# atlas craftsman rebuild



## rustlek (Mar 2, 2013)

ive got the motor under the lathe and it has 2 belts. quite ratty and frayed. whats the best way to change them


----------



## davidh (Mar 2, 2013)

i changed my belts on my craftsman by buying the link belts (can't for the life of me think of the name of them but i will) that you can install without taking anything apart. . . . . . . they are the cats meow. i'll remember the name and add to the post later.


----------



## GaryK (Mar 2, 2013)

davidh said:


> i changed my belts on my craftsman by buying the link belts (can't for the life of me think of the name of them but i will) that you can install without taking anything apart. . . . . . .  they are the cats a**.  i'll remember the name and add to the post later.



FENNER makes them. You can find them on ebay among other places. 




rustlek said:


> ive got the motor under the lathe and it has 2  belts. quite ratty and frayed. whats the best way to change them



It's the best bet unless you are looking to take the head apart.

Gary


----------



## pdentrem (Mar 2, 2013)

I use the Fenner Powertwist at the shop and at home in my shop for anything that takes longer than an hour to replace a standard belt. If disassembly is required then it is a no brainer, it gets a Fenner.
Pierre


----------



## cbtrek (Mar 3, 2013)

I ordered from McMaster Carr because they ship so fast,:ups:here is the link and data. It's not cheap but you don't have to take you equipment apart and there is less belt noise. You can also buy from many others.

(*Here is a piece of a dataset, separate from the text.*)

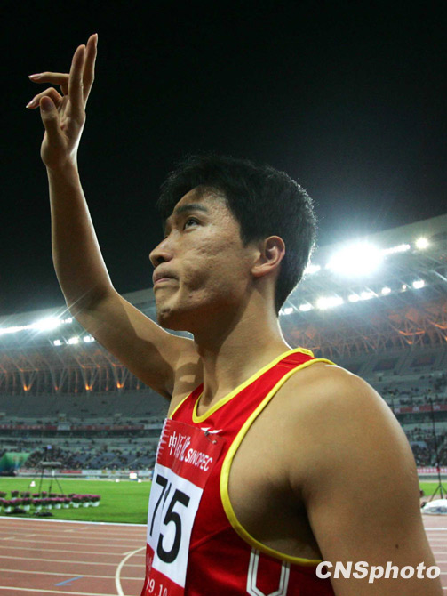 10月24日晚,全運(yùn)會110米欄預(yù)賽在濟(jì)南奧體中心舉行,“飛人”劉翔以13秒75成績輕松晉級決賽。來源:中國新聞網(wǎng)

http://www.mcmaster.com/#catalog/119/1042/=lpwk9j



Install or replace belts in just seconds without taking your drive components apart.Simply use this belting, which allows you to add or remove links with a quick twist of the wrist.Belting is made of urethane elastomer that's reinforced with polyester fabric. You can use it to replace urethane, rubber, and leather round belts. Color is red.*To Order:* Please specify length up to a maximum length of 25 ft.


----------



## rustlek (Mar 17, 2013)

thanks guys i found some at harbor freight anybody use them before


----------



## kd4gij (Mar 17, 2013)

I am using the ones from HF and thay havebeen working fine for 5 years now.


----------